Incident Identifier: 74A69084-446E-461C-9401-FC97A426180B
CrashReporter Key:   7d3c0ace745a10af53054a01d91601a47d39d41e
Hardware Model:      Watch7,5
Identifier:          com.abc.watchkitapp
Version:             2.1.0 (967)
Code Type:           ARM-64 (Native)
Role:                Non UI
Parent Process:      launchd [1]
Coalition:           com.abc.watchkitapp [633]

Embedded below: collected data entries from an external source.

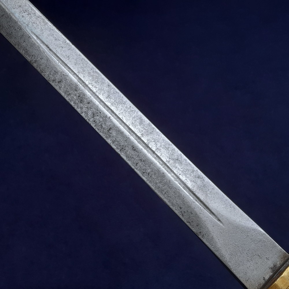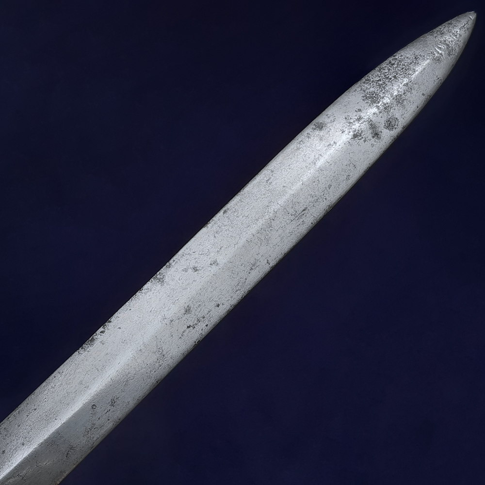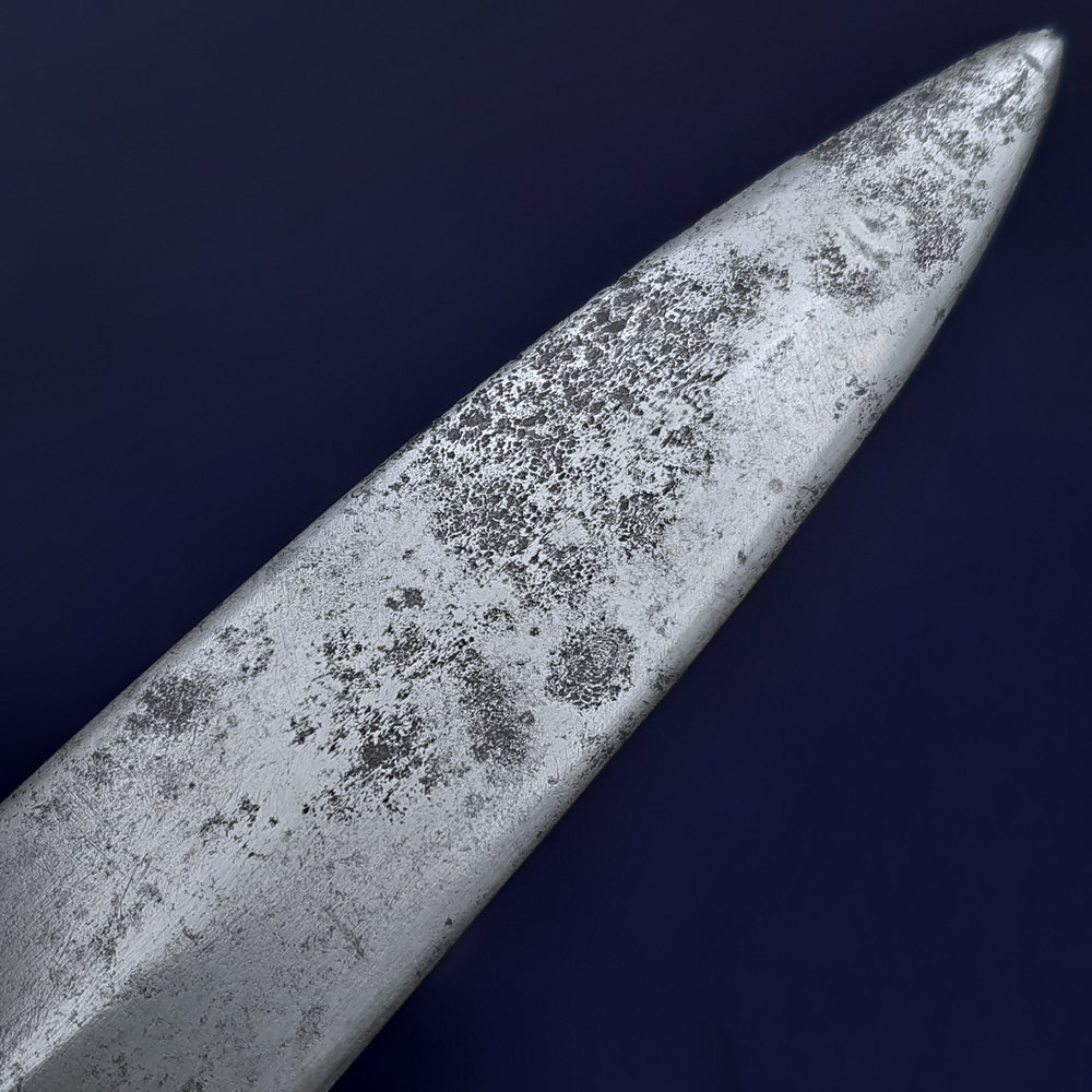 The blade’s lower section has some light patination and spots of pitting, a larger patch of pitting around the tip section on one side. The tip of the blade is slightly chipped. The hilt is in good condition with an even patina. The locking mechanism moves freely.
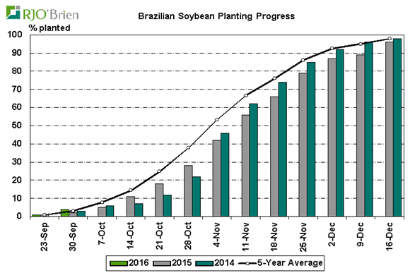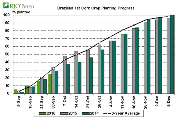 Cette semaine les semis de maïs passent de 16% à 25% complétés, en retard par rapport à l’an dernier (34%). Les régions de Rio Grande, Santa Clarina et Parana sont les plus en retard. Le bilan offre-demande du Brésil est extrêmement précaire et la production DOIT être au rendez-vous sinon faudra se fier encore au programme d’export américain.
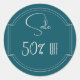 Estes adesivos básicos de venda marrom são personalizáveis. Você pode editar a porcentagem como quiser. O estilo azul a gasolina é mais adequado quando se vende artigos antigos, joalharia ou antigos.
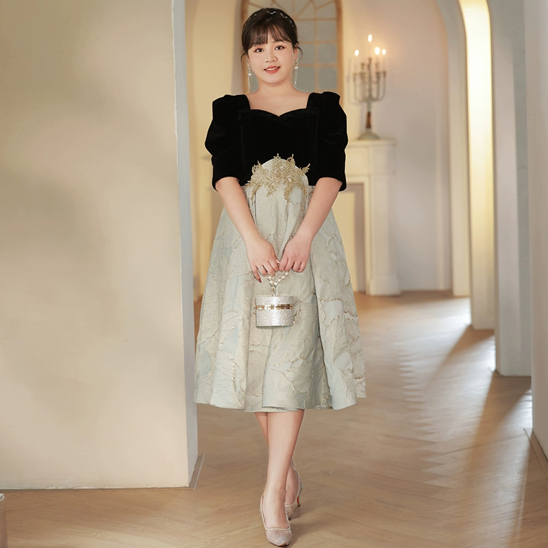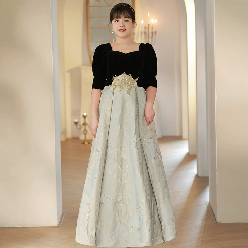 Fat girl performs plus-size French 200-pound evening dress
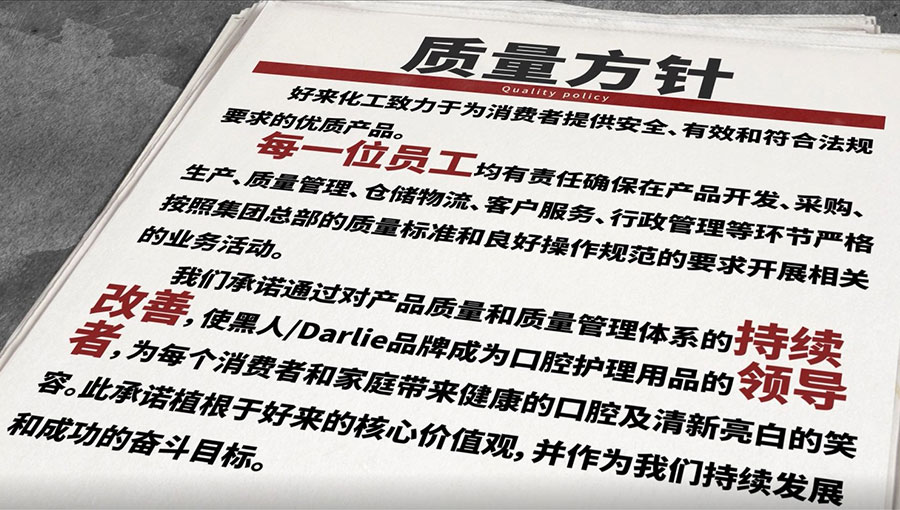 好來化工通過對(duì)產(chǎn)品質(zhì)量和質(zhì)量管理體系的持續(xù)改善,使“DARLIE”黑人品牌成為口腔護(hù)理用品的領(lǐng)導(dǎo)者,為每個(gè)消費(fèi)者和家庭帶來健康的口腔及清新亮白的笑容。此承諾植根于好來的核心價(jià)值觀,并作為好來持續(xù)發(fā)展和成功的奮斗目標(biāo)。

Date/Time:           2025-07-02 20:38:25.6084 +0800
Launch Time:         2025-07-02 19:01:28.0292 +0800
OS Version:          Watch OS 26.0 (23R5296f)
Release Type:        User
Baseband Version:    
Report Version:      104

Exception Type:  EXC_CRASH (SIGKILL)
Exception Codes: 0x0000000000000000, 0x0000000000000000
Termination Reason: CAROUSEL 3306925314 
CSLHandleBackgroundHealthKitQueryAction watchdog transgression: app< com.abc.watchkitapp((null))>:20784 exhausted real (wall clock) time allowance of 15.00 seconds
<FBApplicationProcess: 0x3d81a8480; app< com.abc.watchkitapp>:20784(vE5A4)> Elapsed total CPU time (seconds): 7.600 (user 4.670, system 2.930), 25% CPU
Elapsed application CPU time (seconds): 4.427, 14% CPU, lastUpdate 2025-07-02 12:38:10 +0000
<0x0> watchdog transgression. Exhausted wall time allowance of 15.00 seconds.